O que torna tudo isso ainda mais atraente é o fato de Pequim considerar a Estrada das Estepes “altamente consistente” com a BRI, com o entusiasmo típico de saudar a sinergia e a “cooperação vantajosa para todos” entre os dois projetos.
Não se trata de uma aliança militar
Complementando a iniciativa da Estrada da Estepe, o primeiro-ministro chinês Li Qiang foi ao Paquistão não apenas para a cúpula da SCO, mas com uma prioridade de conectividade: avançar para a próxima etapa do Corredor Econômico China-Paquistão (CPEC) de US$ 65 bilhões, sem dúvida o principal projeto da BRI.
Li e seu colega paquistanês Sharif finalmente inauguraram o Aeroporto Internacional de Gwadar, estrategicamente crucial e financiado pela China, no sudoeste do Baluchistão – contra todas as probabilidades, além de ataques intermitentes de guerrilheiros baluches separatistas financiados pela CIA.
O CPEC é um projeto extremamente ambicioso de desenvolvimento de infraestrutura em vários níveis que abrange vários nós, começando pela fronteira entre a China e o Paquistão, na passagem de Khunjerab, passando pela rodovia Karakoram, que foi modernizada, e descendo para o sul, através do Baluchistão, até o Mar da Arábia.
No futuro, o CPEC pode até incluir um gasoduto de Gwadar, indo para o norte até Xinjiang, diminuindo ainda mais a dependência da China em relação à energia transportada pelo Estreito de Malaca, que poderia ser bloqueada pelo Hegemon em pouco tempo.
A cúpula pré-BRICS da SCO no Paquistão reiterou mais uma vez a sinergia de vários aspectos relativos aos dois órgãos multilaterais.
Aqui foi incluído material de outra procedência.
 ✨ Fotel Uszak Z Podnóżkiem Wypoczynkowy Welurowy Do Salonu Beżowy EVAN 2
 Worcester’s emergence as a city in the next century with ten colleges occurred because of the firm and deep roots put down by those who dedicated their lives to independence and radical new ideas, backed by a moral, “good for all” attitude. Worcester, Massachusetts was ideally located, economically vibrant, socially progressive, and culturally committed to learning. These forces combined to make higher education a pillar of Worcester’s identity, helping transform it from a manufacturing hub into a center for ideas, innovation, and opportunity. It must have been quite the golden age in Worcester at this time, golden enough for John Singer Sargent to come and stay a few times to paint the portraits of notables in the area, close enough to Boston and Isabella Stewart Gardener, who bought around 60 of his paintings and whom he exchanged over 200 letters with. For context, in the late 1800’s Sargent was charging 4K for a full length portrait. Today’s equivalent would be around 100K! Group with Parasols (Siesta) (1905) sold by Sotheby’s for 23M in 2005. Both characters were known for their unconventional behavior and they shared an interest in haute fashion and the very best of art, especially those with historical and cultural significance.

Os países membros da SCO – desde os da Ásia Central até a Índia e o Paquistão – compreendem amplamente o raciocínio russo no que diz respeito à inevitabilidade da Operação Militar Especial (SMO).
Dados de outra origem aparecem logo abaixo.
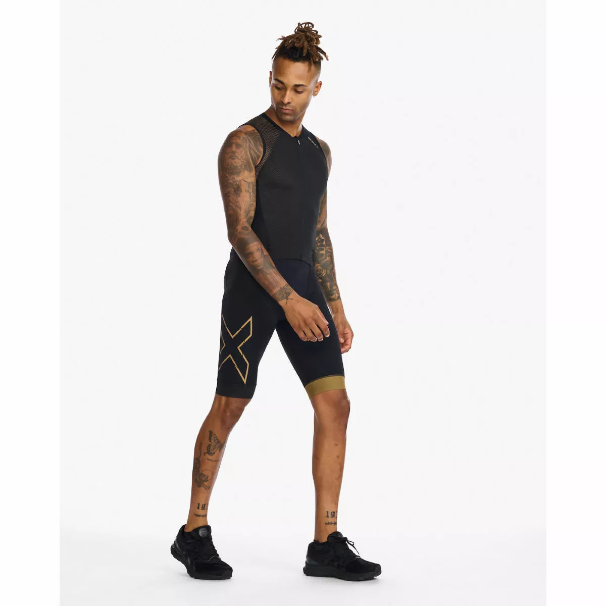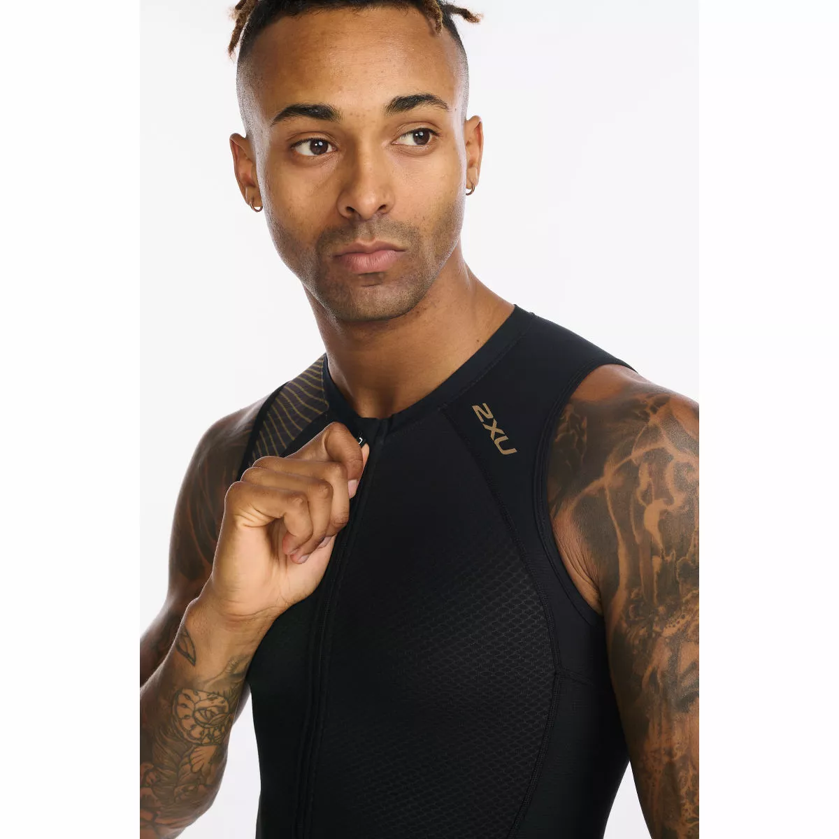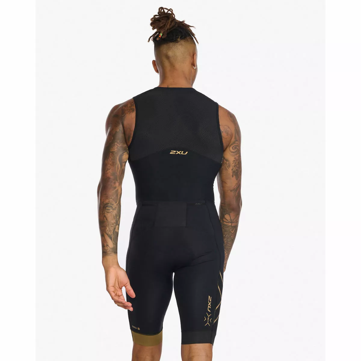 Tritraje sin mangas Paneles ergonómicos Parte inferior del cuerpo PWX VENT Estampación de contención del músculo cuádriceps (MCS) Cuerpo premium italiana SBR VENT Parte superior del cuerpo y canesú trasero Advanced Swiss COLDBLACK Pinzas de silicona para piernas de primera calidad con ingeniería italiana Gamuza de triatlón TMF® Light Speed Cierre semi-automático con cremallera integral Bolsillos traseros en forma de sobre de fácil acceso 80% Nailon, 13% Poliéster, 7% Elastano
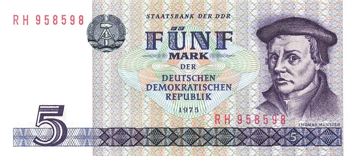 Original DDR Banknote 5 Mark 1975 Thomas Müntzer Ro: 361 KASSENFRISCH / UNC Zustand: Kassenfrisch Echtheit wird garantiert.
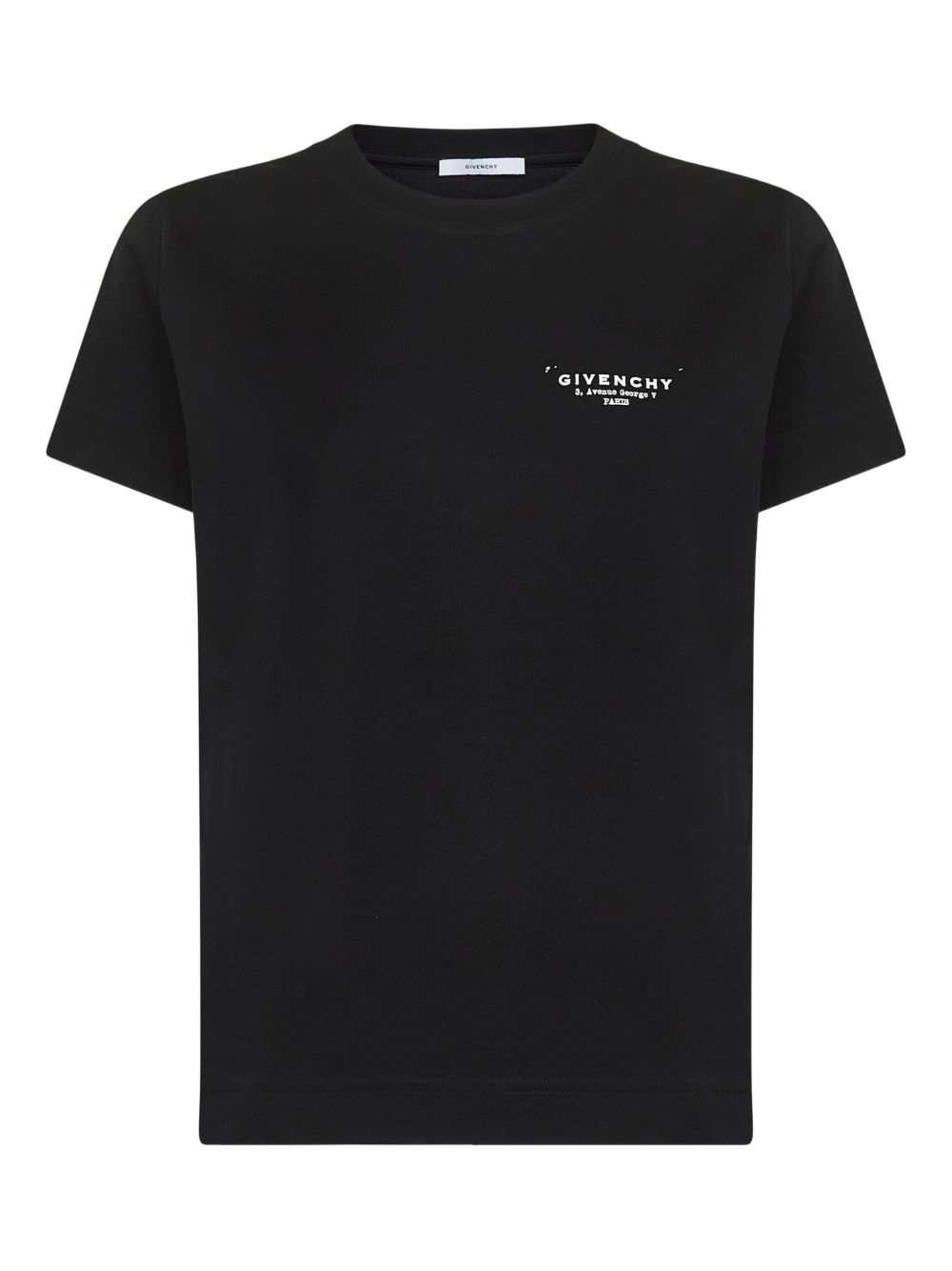 T-shirt di GIVENCHY nera in cotone con girocollo a coste e stampa con logo.

A posição chinesa, oficialmente, é uma maravilha de equilíbrio e ambiguidade suave; mesmo que Pequim enfatize o apoio ao princípio da soberania nacional, ela não condenou a Rússia e, ao mesmo tempo, nunca culpou diretamente a OTAN pela guerra de fato.
A conectividade geoeconômica é a prioridade das principais potências da SCO e dos parceiros estratégicos Rússia-China. Desde o início dos anos 2000, a SCO evoluiu do contraterrorismo para a cooperação geoeconômica. Mais uma vez, em Islamabad, ficou claro que a SCO não se transformará em uma aliança militar nos moldes anti-OTAN.
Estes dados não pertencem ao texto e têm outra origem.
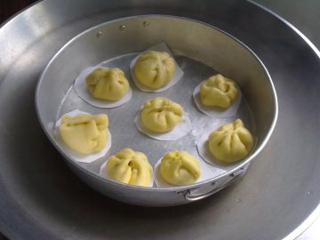 8。用擀面杖把圆形的面团压扁再包上馅料,每个包子底部放一张纸(以免包子贴在锅子里),然后放进锅子以大火蒸15分钟即可。
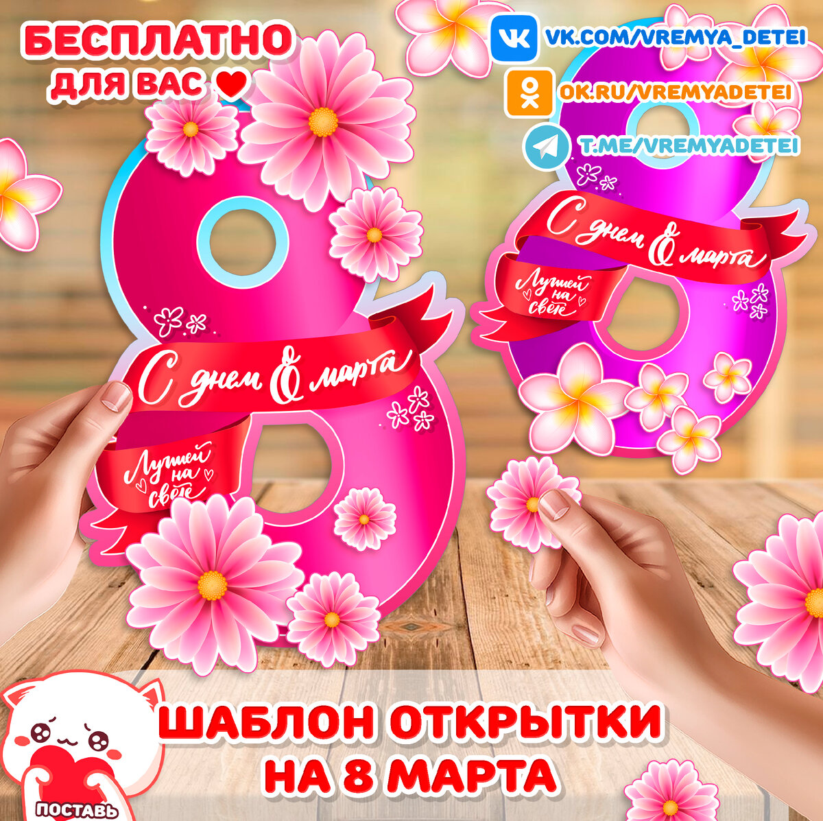 Шаблоны Открытки на 8 марта 💖
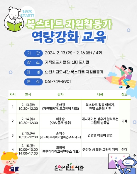 ![]() 순천시립도서관, 북스타트 자원활동가 역량강화 교육 운영 |

O que mais importa agora para todos os membros, além da cooperação geoeconômica, é combater a guerra de terror do Ocidente – que deve se intensificar com o iminente e humilhante fracasso do Projeto Ucrânia.
Um mecanismo que poderia solidificar ainda mais a SCO e preparar o caminho para uma fusão com o BRICS mais adiante, em uma estrada rochosa, é o conceito chinês de Iniciativa de Segurança Global, que se encaixa no conceito russo apresentado aos EUA – e rejeitado por eles – em dezembro de 2021, apenas dois meses antes da inevitabilidade da SMO.
A China propõe “defender o princípio da segurança indivisível”, bem como “construir uma arquitetura de segurança equilibrada, eficaz e sustentável” e se opor firmemente à “construção da segurança nacional com base na insegurança de outros países”. Isso é algo que todos os membros da SCO – para não mencionar o BRICS – subscrevem.
Em suma, a indivisibilidade da segurança, conforme previsto pela Rússia-China, equivale à aplicação de fato da Carta da ONU. O resultado seria a paz em nível global e, consequentemente, a morte da OTAN.
Embora a indivisibilidade da segurança ainda não possa ser adotada em toda a Eurásia – já que o Hegemon emprega uma guerra de terror em várias frentes para minar o surgimento de um mundo multinodal -, a conectividade transfronteiriça vantajosa para todos continua a se desenvolver, desde a Rota das Estepes até os corredores da Nova Rota da Seda.